心に思うのも恐れ多いイザナギノ大神( 1 )
筑紫の日向の橘の小門の阿波岐原で
みそぎをしてお祓いなさったときに
お生まれになった祓戸の大神たち
さまざまな悪い事、罪やけがれがあるのを
お祓いくださり、お清めくださいと申し上げますことを
お聞き届けくださいと恐れながら申し上げます
ここで問題。
問一 ( 1 )に入る平仮名を一字で答えなさい。
問二 「お祓いくださり、お清めください」と申し上げているのは、どの神に対してか答えなさい。

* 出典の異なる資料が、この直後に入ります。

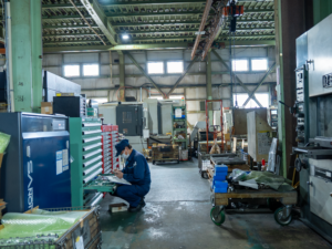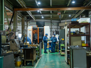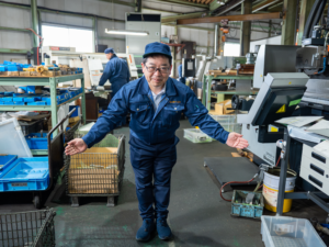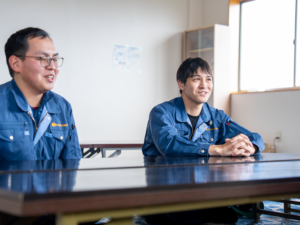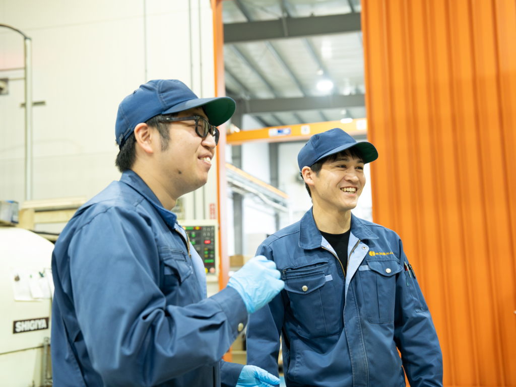 仕事は一人で完結せず、仲間の協力で成り立ちます。普段から壁を作らず会話し、困ったときはすぐに声をかけ合える雰囲気です。幅広い年代が働く中でも若手も多く、年齢や性別に関係なく挑戦しやすい環境を大切にしています。作業は体力を駆使するものばかりではなく、集中して取り組める工程も多数。油剤をできるだけ使わない加工を進め、鉄工所特有の油のにおいが少ない点も特徴です。慰安旅行や「桜を見る会」など、交流の機会もあります。

こんな問題を出すのは、とんでもない誤読をする人がいるからなんですよ。
というのも、この「祓詞」において祓ってくださいとお願いしている神様は
祓戸の大神たちです。
イザナギノ大神ではありません。
したがって、問一の答は「が」、問二の答は「祓戸の大神たち」です。
「イザナギノ大神」から「お生まれになった」までは、「祓戸の大神たち」にかかる形容詞節です。つまり、「祓戸の大神たち」をより詳しく説明している言葉のカタマリ(なお、「心に思うのも恐れ多い」がこの形容詞節に含まれるかどうかは、はっきりしません)。

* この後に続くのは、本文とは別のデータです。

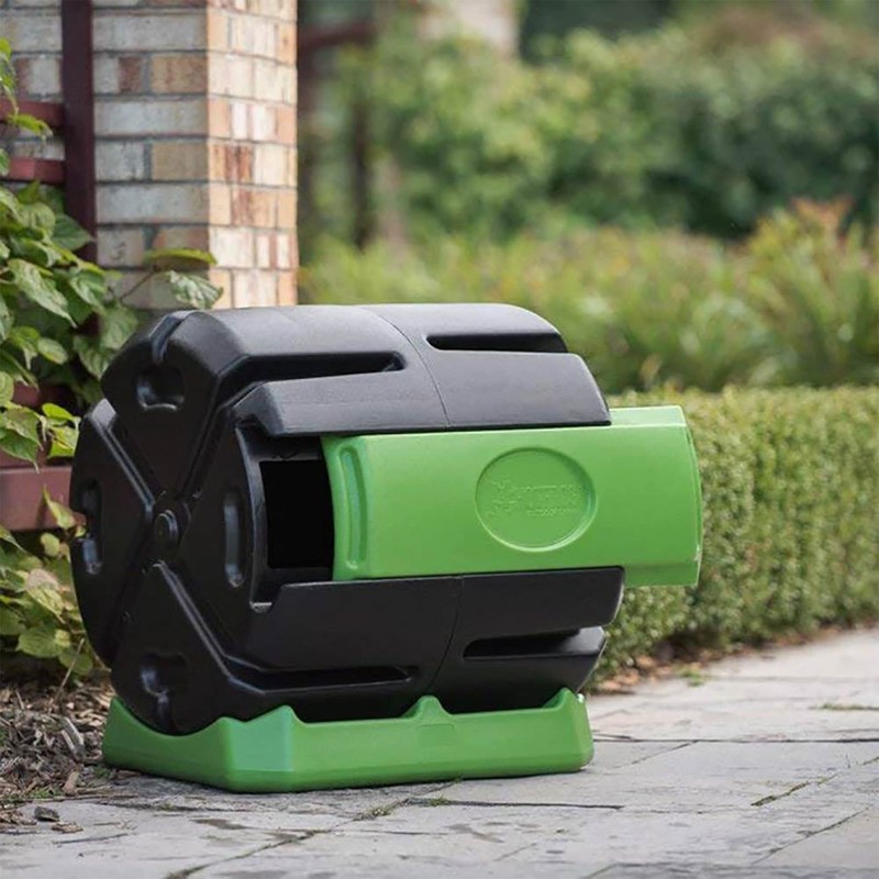 This unique rolling composter's space efficient design allows you to efficiently convert your kitchen and yard waste into rich soil enhancing compost. Just load it up, close the sliding door and use the convenient built in hand holds to give it a turn every couple days and see how it produces finished compost in weeks. Also you can conveniently roll the composter to your garden to dump the finished compost or move the composter to a different location within your yard. Help divert waste from landfill or costly processing and turn your own organic waste into compost in your own backyard.

祓詞の作者がかりに「イザナギノ大神」と「祓戸の大神たち」のどちらにもお祓いしてください、という意味で書いたんだ、というのであれば、実に文章が下手だと言わざるを得ません。それならば、「筑紫の日向の」以下「お生まれになった」は余計ですし、「祓戸の大神たち」がどんな神様かを説明するために付け加えたのだとしても欲張り過ぎです。
ここでまた問題を。
問三 この祓詞が成立した時期は次のうちどれか。適当なものを次の中から記号で選びなさい。
①神代
②奈良時代
③室町時代
④明治時代
私も正確には知らないのですが、これは明治に入ってからでしょう。もしかしたら、現行の文に確定した時期は、大正に入っているかもしれません。それでも明治に入ってからのものは、ほぼ今と同じですから、正解は④です。
江戸時代の終りに、平田篤胤が諸社で行われているお祓いのための言葉を取捨選択して編んだ「天津祝詞(禊祓詞)」を参考に、明治時代に入ってからその門下生が作ったものだと思われます。

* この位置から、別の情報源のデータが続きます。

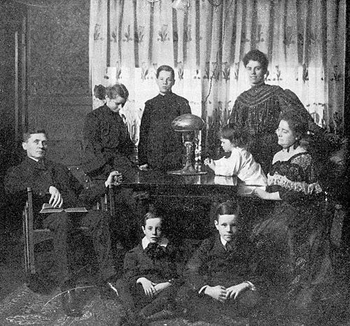 Upper row: Father (Archie), Alice, Miles, Nettie, Mother (Nettie) holding Wilhelmina Sitting on floor: Archie, Bayard |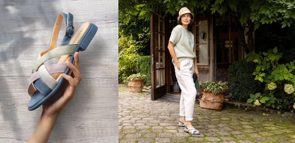 Unsere neue Sandale KAMAA ist ein eleganter Begleiter durch den Sommer. Der flache, leicht angedeutete Absatz sorgt für einen besonders komfortablen Auftritt.

今「作った」と言いましたが、祓詞も作っていいんです。改変可能。実際、葬儀後や、お墓を建てる前の地鎮祭のときの祓詞など、神社本庁の書籍を見ていると何種類かあります。
私なら、
掛(か)けまくも畏(かしこき)き
祓戸(はらへど)の大神(おほかみ)等(たち)
祓(はら)へ給(たま)ひ清(きよ)め給(たま)へと白(まを)す事(こと)を
聞(きこし)食(め)せと恐(かしこ)み恐(かしこ)みも白(まを)す
としたいです。神主学校の学生のとき、祭式の先生が「勘違いする人がいるから、この方がいい」と仰っていたのと同じです。
それか、もっと短くして、
祓戸(はらへど)の大神(おほかみ)等(たち)
祓(はら)へ給(たま)ひ清(きよ)め給(たま)へ
「祓へ給ひ清め給へ」は神道の根本に関る最強の祝詞(というより唱え詞といった方がいいかもしれません)であります。ちまたで「ありがとう」が最強の祝詞だと言われているそうですが、いくら感謝されても、それで社殿にあがってご祈祷をお受けくださいなんて、とても言えません。もちろん、ありがとうではお祓いできないからです。
また、この祓詞、大祓詞とセットになって紹介されることが多いので、「大」祓詞に対してその省略形、簡単にしたものだと考える人がいるかも知れませんが、違います。
少なくとも今日の大祓詞の原型である平安時代の「六月晦大祓」の「大」には、「国家の」という意味がありました。つまり天皇陛下の仰せで行われた祓だったわけです。
その後、神前でも奏上できるように改変された祝詞による祓が行われだし、今日に至りますが、このことの意味を考えだすと話が余りに拡大してしまいますので、やめておきます。